Espace de libertés – Avril 2017

Campagne présidentielle en France: l’histoire et la laïcité à la torture


International
Empêtrés dans les scandales et les affaires judiciaires, les candidats à la présidence rivalisent en sorties spectaculaires visant à imposer un « roman national », quitte à réécrire l’histoire. Cible privilégiée des attaques de droite comme de gauche, la laïcité est désormais stigmatisée comme « instrument d’oppression ».

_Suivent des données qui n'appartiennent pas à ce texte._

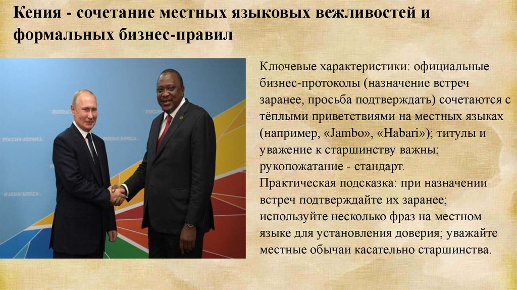 Кения - сочетание местных языковых вежливостей иформальных бизнес-правил
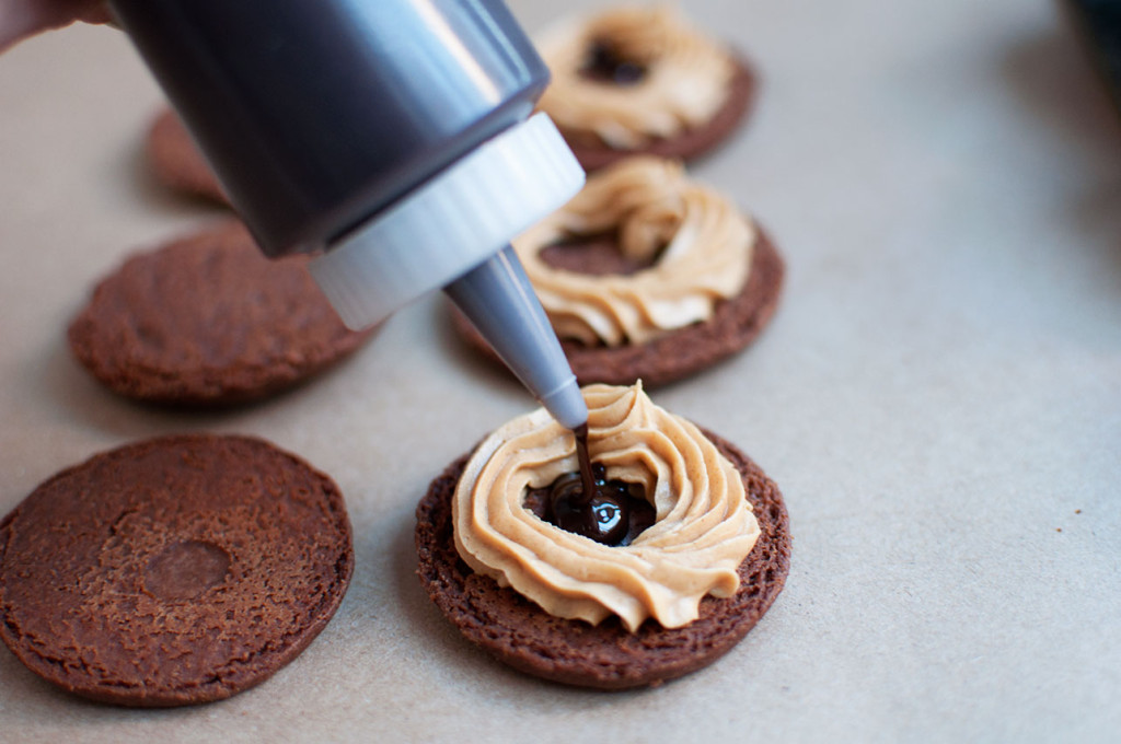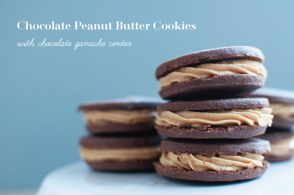 Peanut butter and chocolate, the perfect pair. This past weekend was spent browsing through cookbooks and foodie magazines. The inspiration for this cookie comes from the Bouchon Bakery book where they did their take on an oreo with perfect scalloped chocolate shortbreads. The cookies were gorgeous to look at. I wanted to do my take on the “reese peanut butter cup” and alas this chocolate peanut butter cookie recipe was born. With this recipe, it’s peanut butter frosting and a dollop of rich chocolate ganache sandwiched between two crunchy cocoa cookies. I went a little camera happy this time and this post is filled with lots of pictures. Hope you enjoy!

La première grenade dégoupillée a été lancée par Emmanuel Macron, ex-ministre de l’Économie de François Hollande, surfant sur une ligne néocentriste et donné dans toutes les projections comme qualifié au second tour face à la candidate d’extrême droite. En déplacement en Algérie, Macron a déclaré à propos de la colonisation française: « C’est un crime. C’est un crime contre l’humanité.«  Tempête garantie et psychodrame national. Cette sortie a aussitôt déclenché un tonnerre d’invectives, loin d’être cantonné aux seuls nostalgiques de l’Algérie française. D’éminents historiens tel Henry Rousso, spécialiste de l’Occupation et de la Shoah, ont dénoncé la « confusion » et la méconnaissance historique crasse du candidat. Les mots ont un sens et les pieds-noirs1, comme les Harkis2, d’abord victimes, ont peu apprécié d’être assimilés à des nazis. « Je ne ferai pas repentance et ne m’excuserai pas!« ,  a clamé Macron en meeting avant, dans la même phrase, de demander « pardon » et de lancer un très gaullien « Je vous ai compris! ».

Cette campagne est électorale est aussi l’occasion d’un jeu de massacre des valeurs fondatrices de la République.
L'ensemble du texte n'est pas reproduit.